--- Exercise aim ---
Repeat each entry word for word; the images are not part of the copy.

::: Entries provided

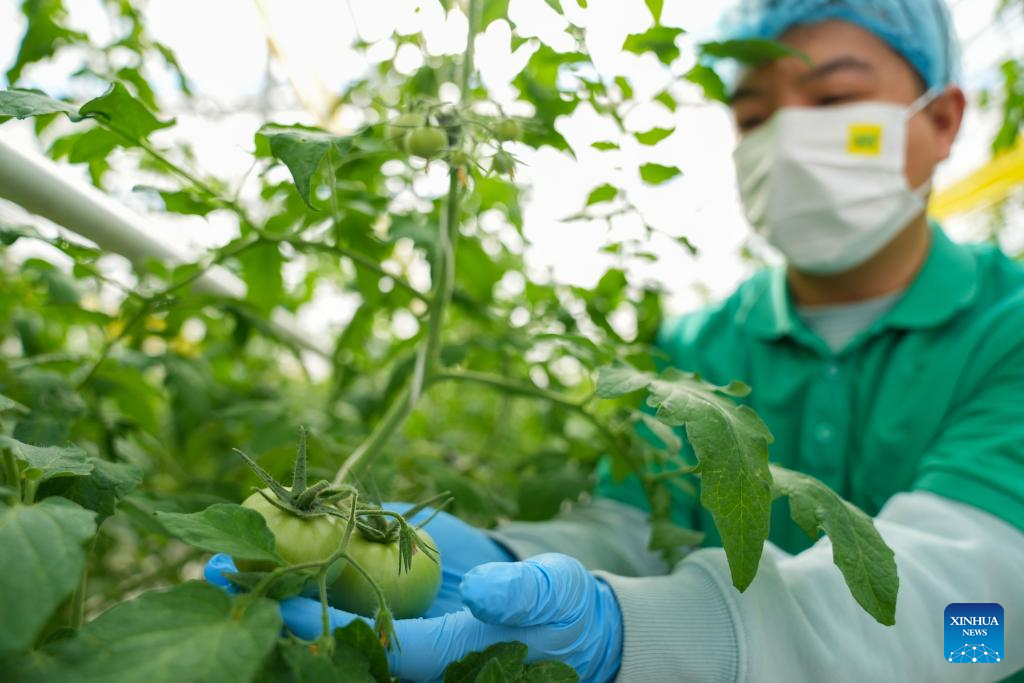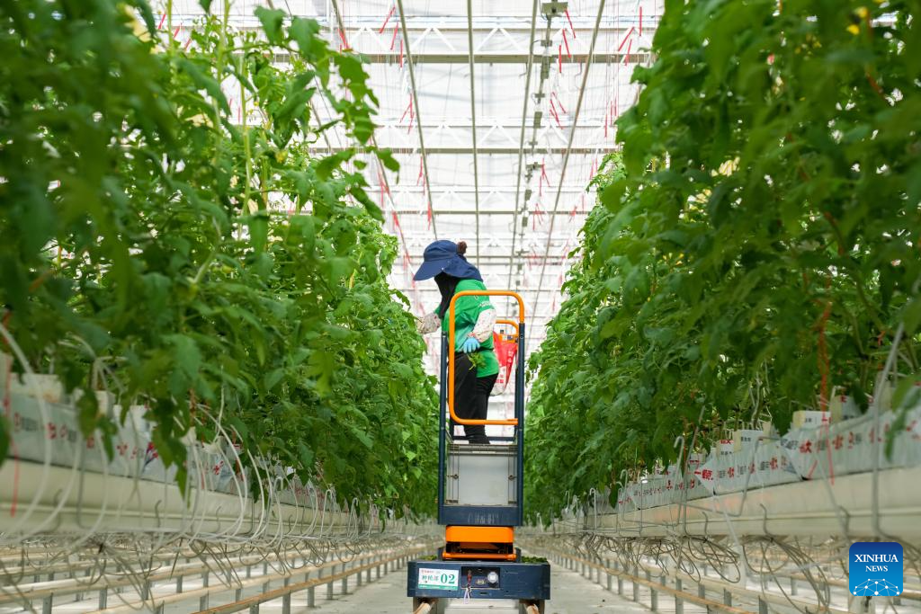 A worker shows tomatoes at a greenhouse of a smart agriculture industrial park in Jiamusi, northeast China's Heilongjiang Province, March 18, 2024. The city of Jiamusi is taking advantage of greenhouse to boost agricultural production efficiency. (Xinhua/Wang Jianwei)
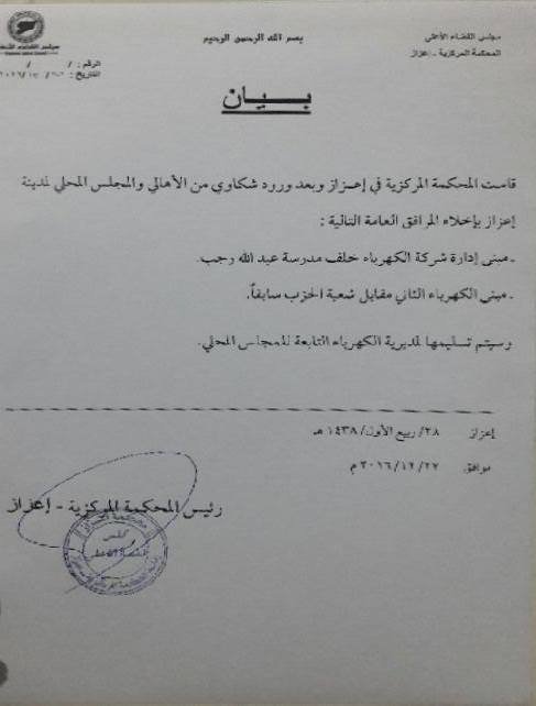قامـت المحكمة المركزية في إعــزاز وبعد ورود شكاوي من الأهالي والمجلس المحلي لمدينة إعزاز بإخلاء المرافق العامة التالية :
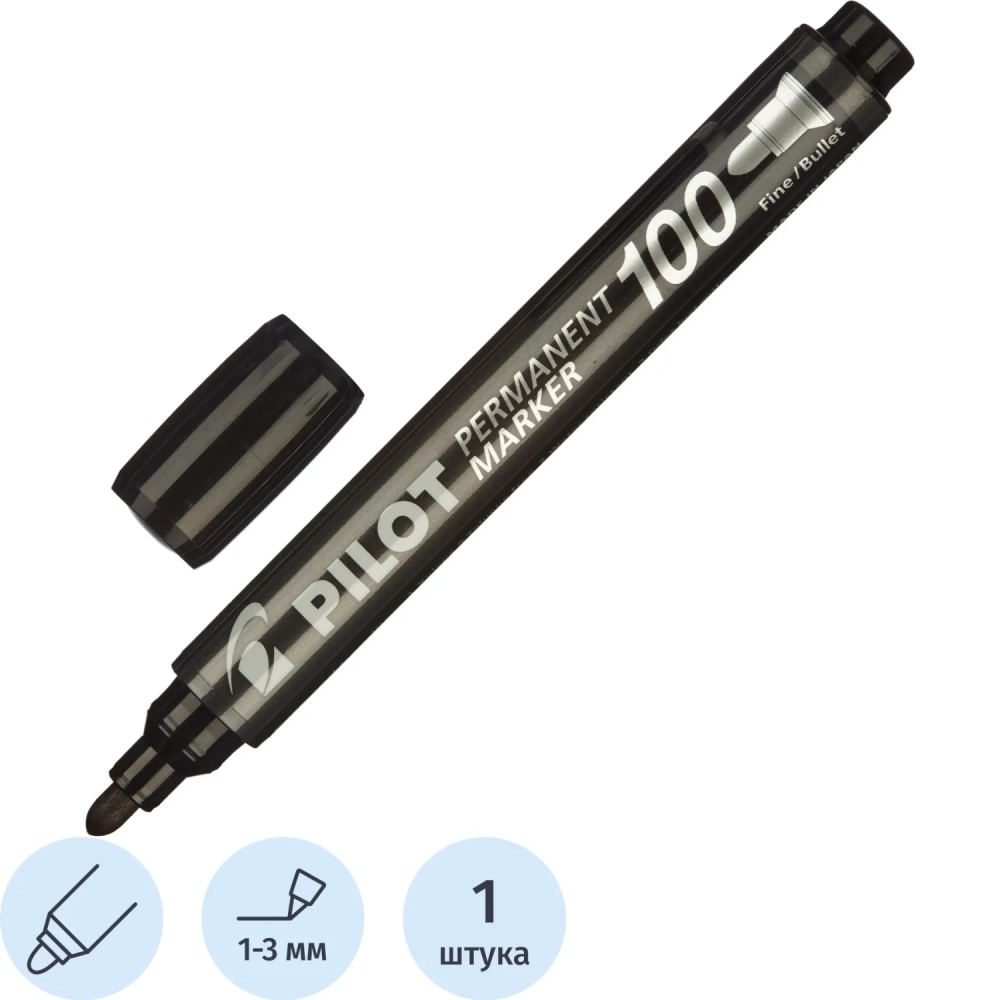 Маркер перманентный PILOT SCA-100-B черный 1-3мм круглый наконечник
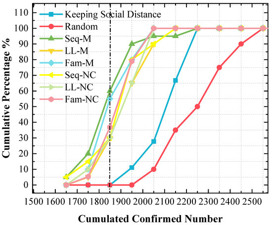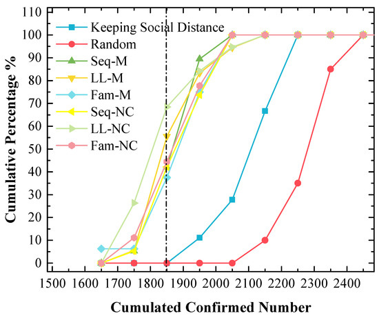 The cumulative frequency of cumulated confirmed cases using various strategies in the 1st scenario. The x-value of the dash line is 1850.
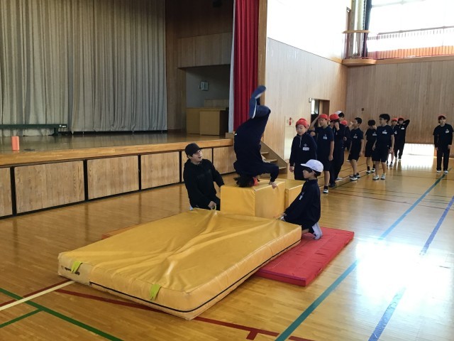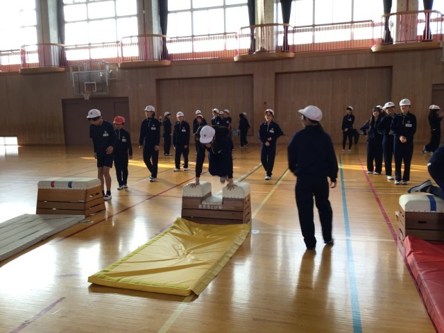 小学校の跳び箱運動のまとめとして、開脚跳び、かかえこみ跳び、台上前転、頭はねとびの中から選んで練習しました。

::::::

--- Output of the task ---
 A worker shows tomatoes at a greenhouse of a smart agriculture industrial park in Jiamusi, northeast China's Heilongjiang Province, March 18, 2024. The city of Jiamusi is taking advantage of greenhouse to boost agricultural production efficiency. (Xinhua/Wang Jianwei)
قامـت المحكمة المركزية في إعــزاز وبعد ورود شكاوي من الأهالي والمجلس المحلي لمدينة إعزاز بإخلاء المرافق العامة التالية :
 Маркер перманентный PILOT SCA-100-B черный 1-3мм круглый наконечник
 The cumulative frequency of cumulated confirmed cases using various strategies in the 1st scenario. The x-value of the dash line is 1850.
 小学校の跳び箱運動のまとめとして、開脚跳び、かかえこみ跳び、台上前転、頭はねとびの中から選んで練習しました。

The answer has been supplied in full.